We implement enough of the CopyFromCallback that CopyOp no longer needs
a direct reference to the OpContext, so we remove it and replace all
references with calls to cop->cb->complete().
ReplicatedPG: follow the same finish path for failed copy ops
We don't necessarily want to respond to clients with a failure if
a copy got an error code. Instead, conditionally execute the success
path and always launch back into execute_ctx() when the copy has
stopped (either due to completion or failure).
Update the COPY_FROM section so it returns the CopyOp::rval (instead
of always zero) and only launches finish_copy() on success.
Greg Farnum [Tue, 1 Oct 2013 20:28:03 +0000 (13:28 -0700)]
ReplicatedPG: update pg stats correctly when doing a copy
The obs.oi.size needs to updated in the middle so that we actually
change the stats -- this got set backwards by mistake during one
of the refactors to support large objects!
(See 4e29e362e7981634d751ee982144fbf602782a9a)
Sage Weil [Tue, 1 Oct 2013 16:28:29 +0000 (09:28 -0700)]
osdc/ObjectCacher: limit writeback IOs generated while holding lock
While analyzing a log from Mike Dawson I saw a long stall while librbd's
objectcacher was starting lots (many hundreds) of IOs. Limit the amount of
time we spend doing this at a time to allow IO replies to be processed so
that the cache remains responsive.
I'm not sure this warrants a tunable (which we would need to add for both
libcephfs and librbd).
Yehuda Sadeh [Mon, 26 Aug 2013 18:16:08 +0000 (11:16 -0700)]
rgw: quiet down warning message
Fixes: #6123
We don't want to know about failing to read region map info
if it's not found, only if failed on some other error. In
any case it's just a warning.
Signed-off-by: Yehuda Sadeh <yehuda@inktank.com> Reviewed-by: Sage Weil <sage@inktank.com>
Objecter: add "honor_cache_redirects" flag covering cache settings
When set to false, we do not redirect based on the cache_pool data
in the OSDMap. We'll use this so the OSDs can actually fetch data
into the cache pools on promotion! Signed-off-by: Greg Farnum <greg@inktank.com>
Sage Weil [Thu, 5 Sep 2013 04:29:11 +0000 (21:29 -0700)]
common/crc32c_intel_fast: avoid reading partial trailing word
The optimized intel code reads in word-sized chunks, knowing that the
allocator will only hand out memory in word-sized increments. This makes
valgrind unhappy. Whitelisting doesn't work because for some reason there
is no caller context (probably because of some interaction with yasm?).
Instead, just use the baseline code for the last few bytes. This should
not be significant.
Dan Mick [Fri, 27 Sep 2013 01:00:31 +0000 (18:00 -0700)]
ceph_argparse.py, cephtool/test.sh: fix blacklist with no nonce
It's legal to give a CephEntityAddr to osd blacklist with no nonce,
so allow it in the valid() method; also add validation of any nonce
given that it's a long >= 0.
Also fix comment on CephEntityAddr type description in MonCommands.h,
and add tests for invalid nonces (while fixing the existing tests to remove
the () around expect_false args).
Fixes: #6425 Signed-off-by: Dan Mick <dan.mick@inktank.com>
We now put CEPH_ARGS in the actual args we parse in python, which are passed
to rados piecemeal later.

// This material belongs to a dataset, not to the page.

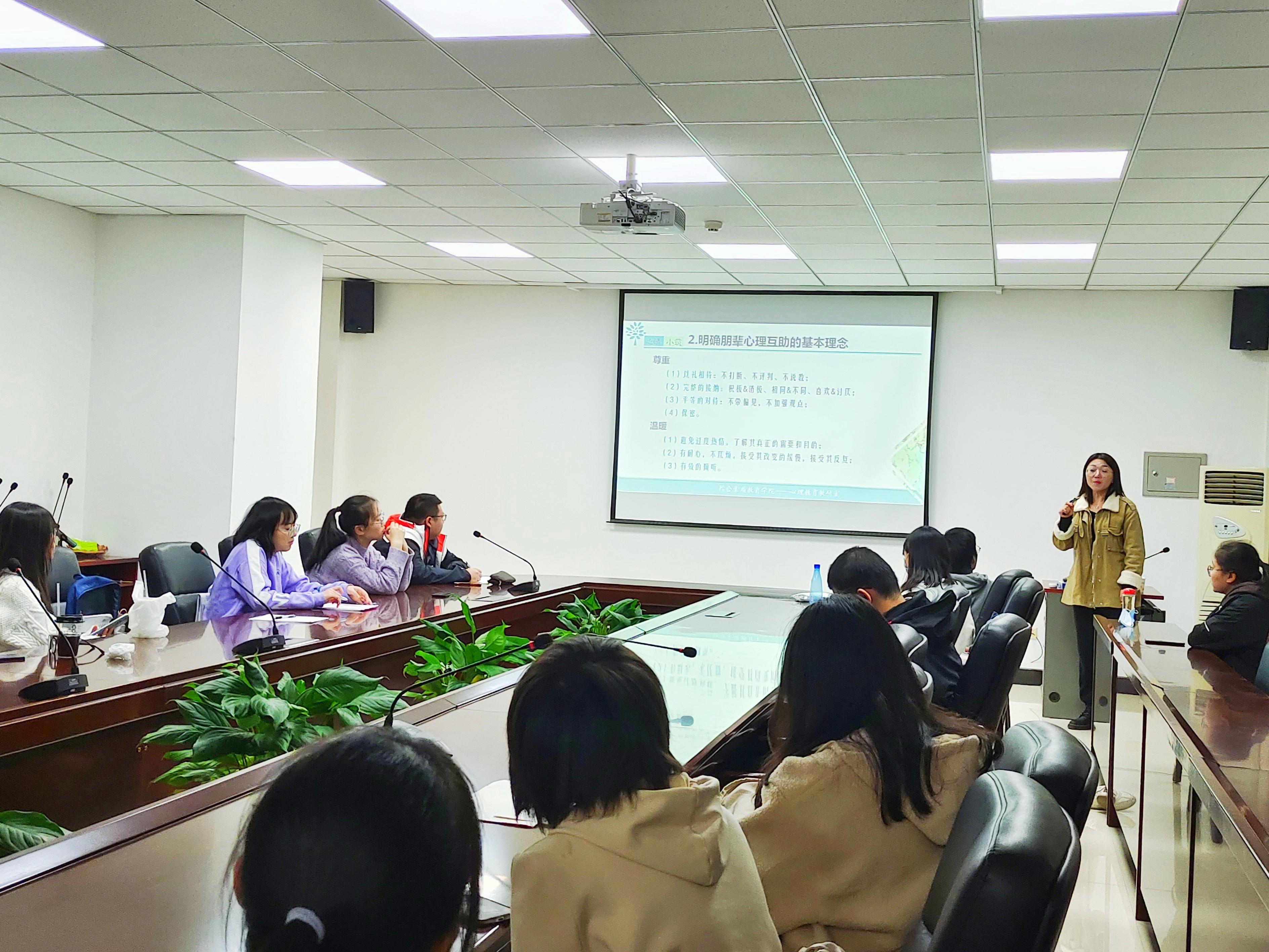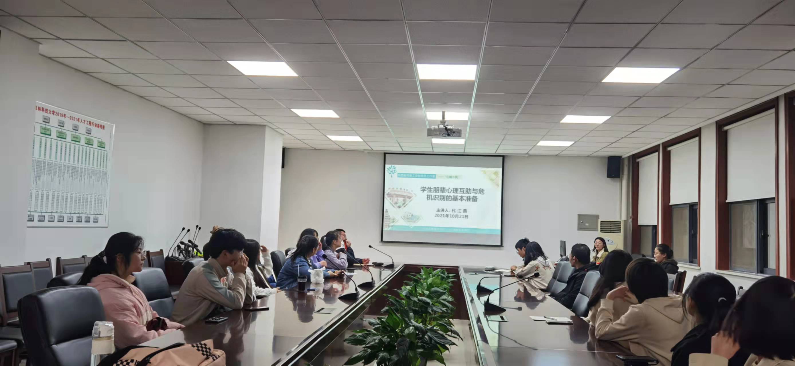 邀请心理咨询中心代江燕老师为20、21级心理委员们做题为"学生朋辈心理互助与危机识别的基本准备"的培训会议。

This lets you put things like --id ... in there
that need to be parsed before librados is initialized.
David Zafman [Wed, 18 Sep 2013 01:14:16 +0000 (18:14 -0700)]
osd: Cleanup init()/read_superblock()
Fix error handling in init()
Cleanup read_superblock() by moving unrelated code into init()
Move init() feature upgrade right after compatibility checking
Remove redundant whoami check
Signed-off-by: David Zafman <david.zafman@inktank.com>
David Zafman [Fri, 20 Sep 2013 01:54:36 +0000 (18:54 -0700)]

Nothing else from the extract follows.